#### Exercise directions
Where the line containing "EraClean Ультразвуковой очиститель" appears, end the copy there, keeping that line; start from the first line of the entries, copy exactly, and omit pictures.

Extracted material section start

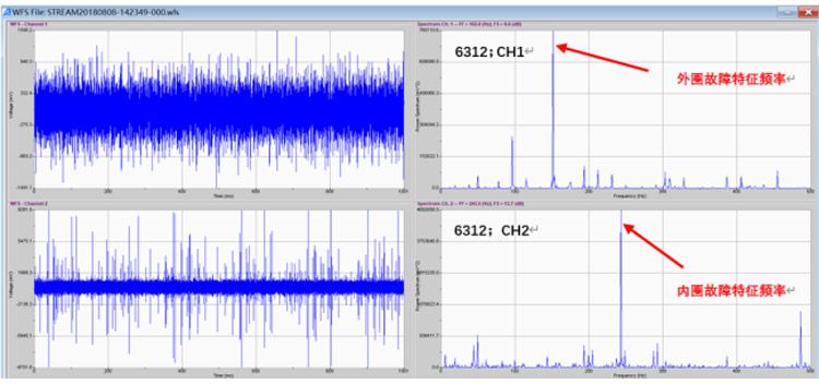 通过对采集到的波形流进行时域、频域分析发现,时域存在明显周期性信号,轴承1频域上反应出来的特征频率为152Hz,该频率与外圈故障频率完全吻合;轴承2频域上反应出来的特征频率为243.5Hz,该频率与内圈故障频率非常接近;所以可初步断定为轴承1为外圈故障,轴承2为内圈故障。
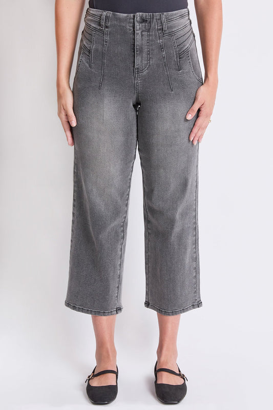 Women's High Rise Crop Detailed Wide Leg Jeans
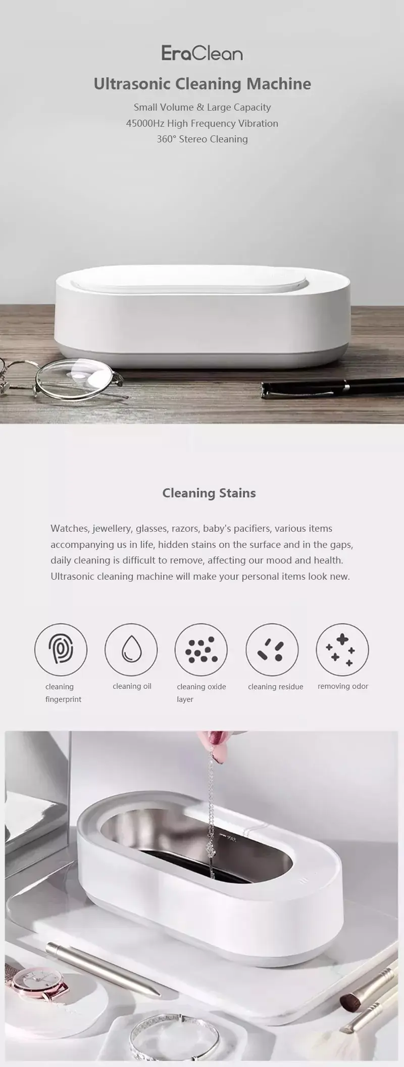 EraClean Ультразвуковой очиститель 45000 Гц, высокочастотная вибрац...
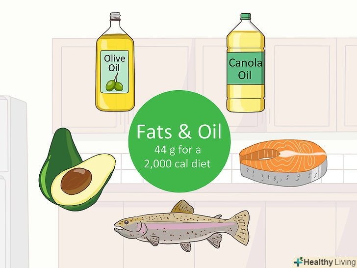 Вживайте корисні жири і рослинні масла в помірних кількостях.Омега-3 жирні кислоти і ненасичені жири корисніше, ніж гідрогенізовані масла і транс-жири. Корисні жири містяться в м'ясі лосося і форелі, авокадо, рослинних оліях (наприклад, в оливковій і соняшниковій олії). На частку жирів і масел має припадати близько 20% щоденної кількості споживаних калорій, що при добовій нормі 2000 калорій становить приблизно 44 грами.[17]- Корисні жири необхідні організму, і повна відмова від жирів всіх видів може навіть підвищити ризик утворення жовчних каменів.
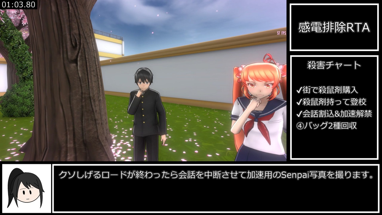 絵名の新規☆4引けなかったので初投稿です。<br><br><a href="https://www.nicovideo.jp/watch/sm39073935" class="watch">sm39073935</a>←前回<<a href="https://www.nicovideo.jp/mylist/71414199" target="_blank" rel="noopener">mylist/71414199</a>>次回→<a href="https://www.nicovideo.jp/watch/sm39204850" class="watch">sm39204850</a><br><br><u>レギュレーション</u><br><strong><u>Electrocute(感電)<br>Osanaを感電させて殺害。</u></strong><br><u>計測区間</u><br><strong><u>新規ファイル選択~スタッフロールまで<br>ロード時間も計測(ニコニコ動画先駆者基準)</u></strong><br><u>ロード時間を除外(speedrun.com基準)</u><br><br>にんどう兄貴の感電RTA動画→<a href="https://www.nicovideo.jp/watch/sm38837347" class="watch">sm38837347</a><br>しじみ兄貴のシリーズ→<a href="https://www.nicovideo.jp/series/243736" target="_blank" rel="noopener">series/243736</a><br><br>無編集版(speedrun.com基準タイマー)→<a href="https://youtu.be/-hqPZg5GW9Q" target="_blank" rel="noopener nofollow">https://youtu.be/-hqPZg5GW9Q</a><br><br>前回のクソしげるロードの検証に複数の検証コメいただきありがとうございます。<br>寄せられたコメントだとかなりの高スペックでも30秒ぐらい掛かるという方が多かったですが、他の走者兄貴の動画を見てみるとクソしげる20秒台の兄貴もいて結局何が影響するのか……<br><br>↓追記(8/02)↓<br>おまけで紹介した噴水ワープバグ、詳細な条件はまだわかりませんがOsanaを殺害すると使用不可になるみたいです。<br>Attack Stealth%で使えないかと思いましたが無理そうですね…
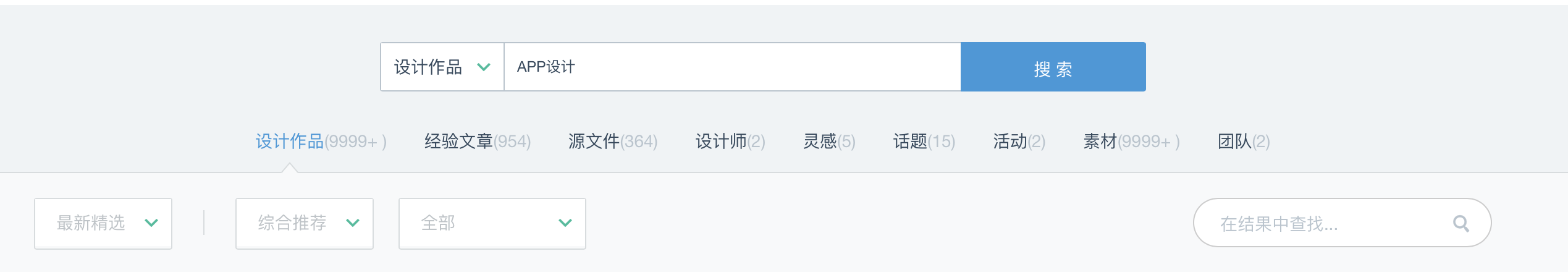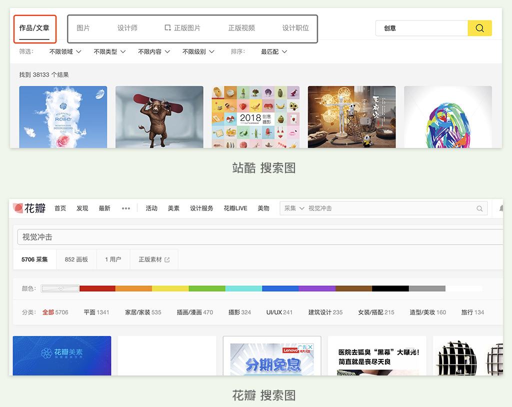 在站酷、花瓣的網(wǎng)站設(shè)計(jì)中,我們也發(fā)現(xiàn)類似的設(shè)計(jì)。分欄目展示搜索結(jié)果時(shí),排在首位的欄目自然是產(chǎn)品中最重要的內(nèi)容,后面欄目?jī)?nèi)容的重要性依次遞減;
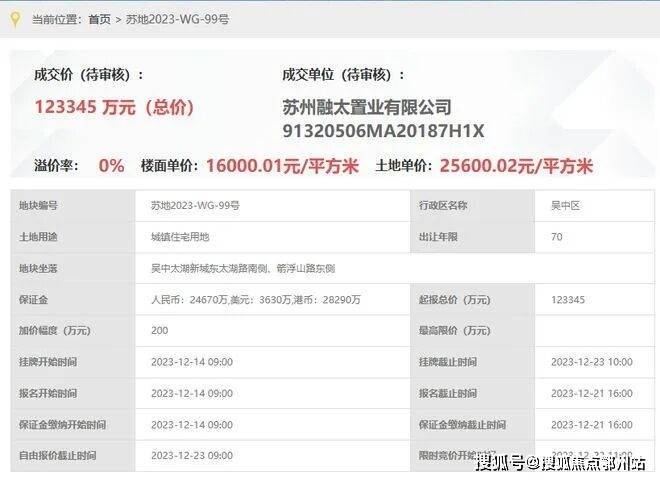 项目用地是苏地2023-WG-99号地块,去年12月23日,金融街以底价123345万元竞得,成交楼面价16000元/㎡。
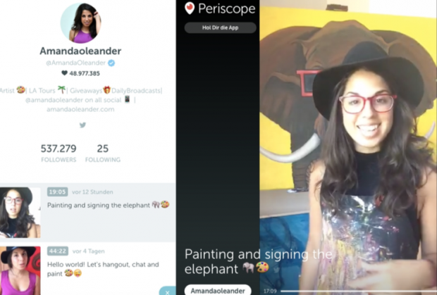 Amanda Oleander war eine der ersten, die das Potenzial der neuen App erkannte. Die bis dahin völlig unbekannte Illustratorin begann kurz nach dem Start von Periscope, regelmäßig Szenen aus ihrem Leben zu filmen und zu teilen. In nur knapp einem Monat wurden ihre Videos mehr als sieben Millionen mal „geloved“, also das, was auf Facebook „geliked“ heißen würde. Sie streamt sich beim Malen und beim Kochen und nimmt ihre Zuschauer auch schon mal mit, wenn sie sich ihre Beinhaare weglasern lässt. Das Reizvolle für die Nutzer: Sie können ihr direkt während des Live-Streams Nachrichten schreiben. Dann poppt für alle Welt sichtbar ein kleines Dialogfenster im Stream auf und im besten Fall gibt Amanda Oleander auch direkt eine Antwort.
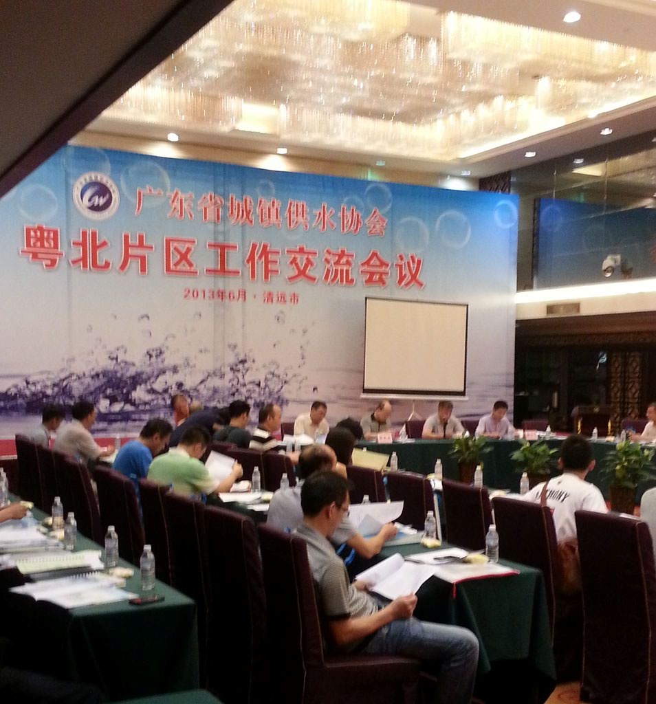 由廣東省城鎮供水協會主持召開的2013年粵北片區工作交流會議于6月21日在廣東省清遠市好來登大酒店召開,廣東水協秘書長林志光,副秘書長陳少飛等領導和粵北片區各水司領導以及各與會參展單位代表參加了會議,我公司由華南片區經理代表參與,參會人員總計100多人。
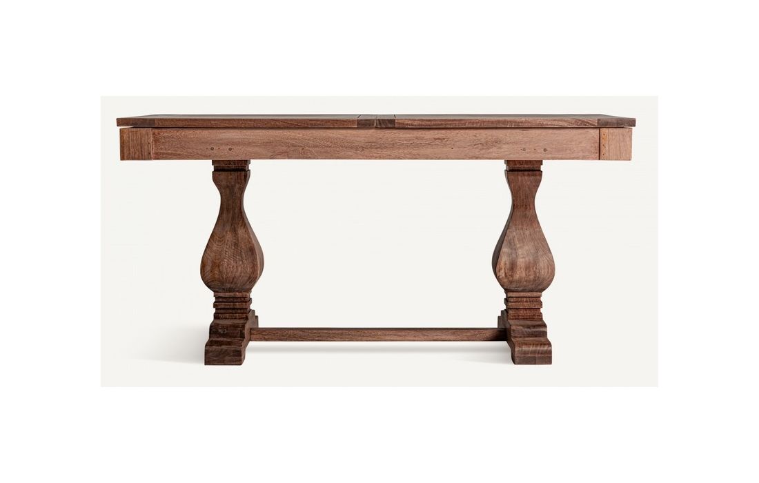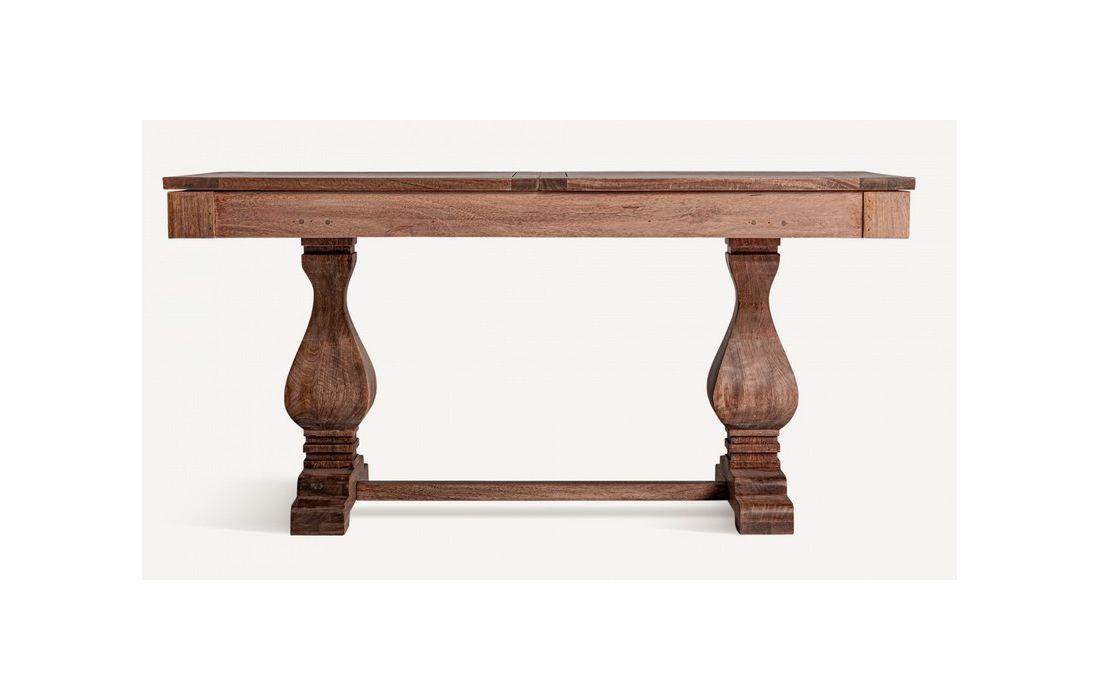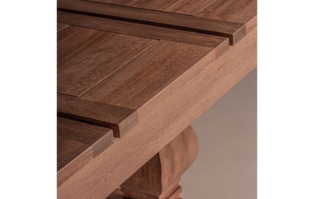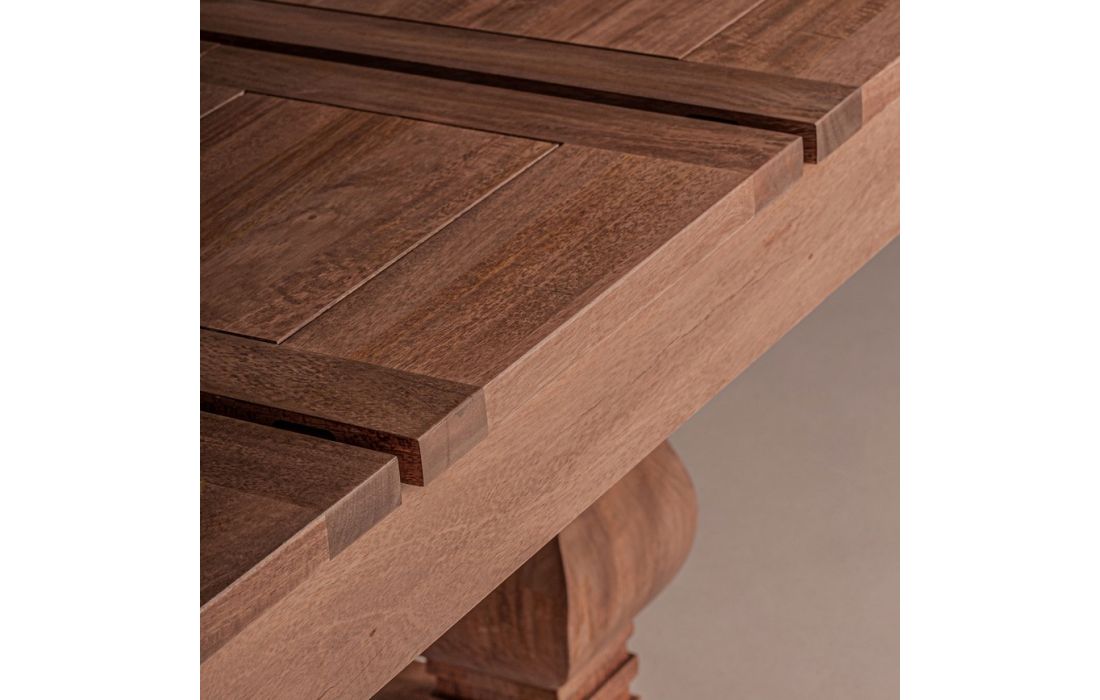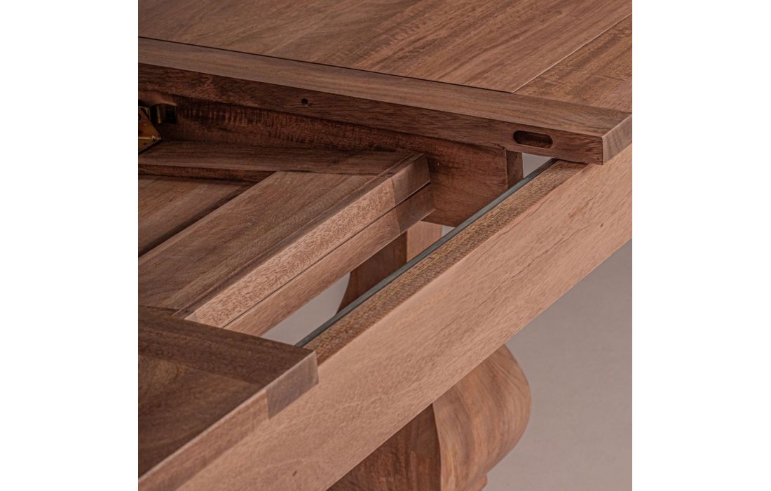 Mesa de jantar extensível, estilo colonial, confeccionada em madeira de mango na cor castanhaDimensões em cm
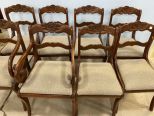 Eight Vintage Mahogany Duncan Phyfe Dining Chairs, two arms, 6 sides, finish has scratches and wear. Eight Vintage Mahogany Duncan Phyfe Dining Chairs, two arms, 6 sides, finish has scratches and wear.
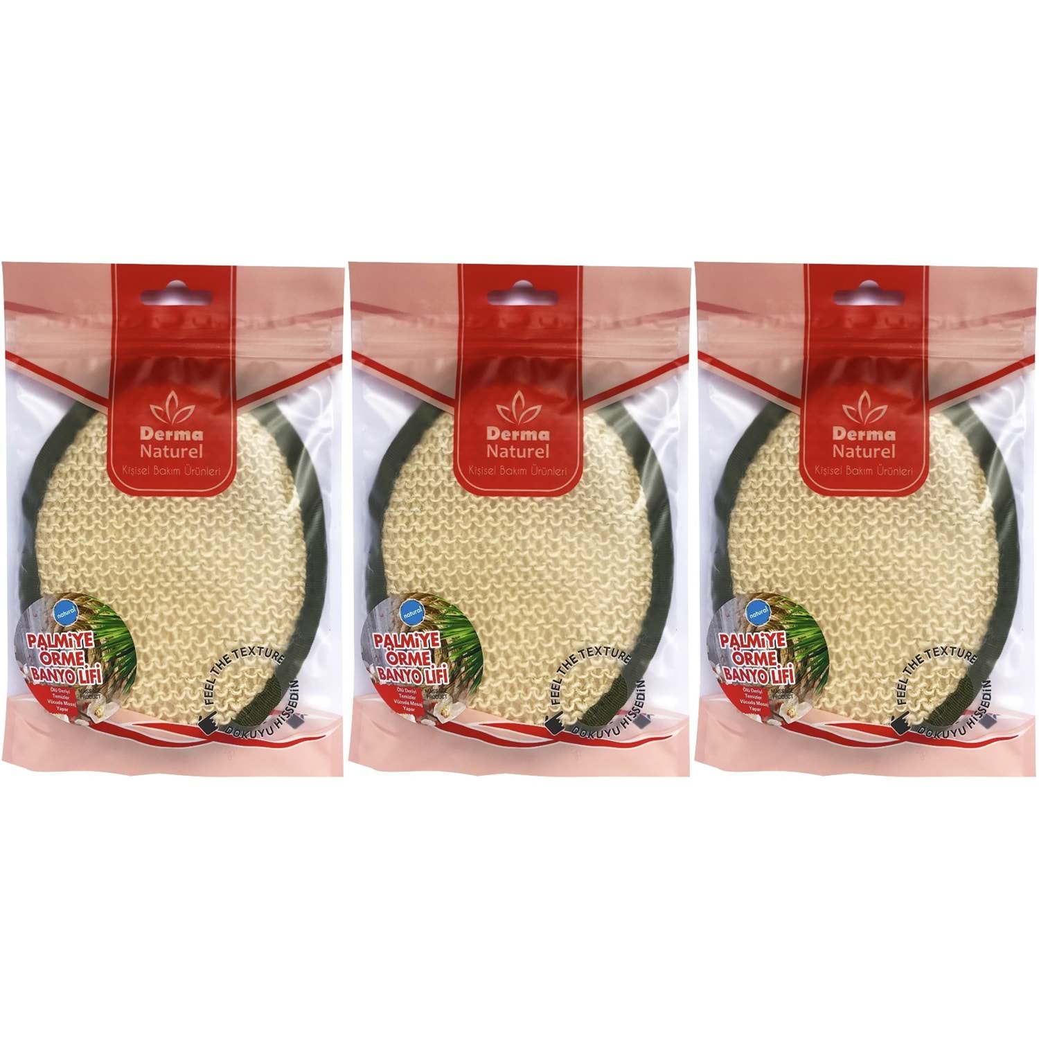 Derma Naturel Örme Banyo Yüz Lifi (15*24CM) MS-02 (3 Lü Set)

Extracted material section end

#### Answer to the problem
 通过对采集到的波形流进行时域、频域分析发现,时域存在明显周期性信号,轴承1频域上反应出来的特征频率为152Hz,该频率与外圈故障频率完全吻合;轴承2频域上反应出来的特征频率为243.5Hz,该频率与内圈故障频率非常接近;所以可初步断定为轴承1为外圈故障,轴承2为内圈故障。
 Women's High Rise Crop Detailed Wide Leg Jeans
 EraClean Ультразвуковой очиститель 45000 Гц, высокочастотная вибрац...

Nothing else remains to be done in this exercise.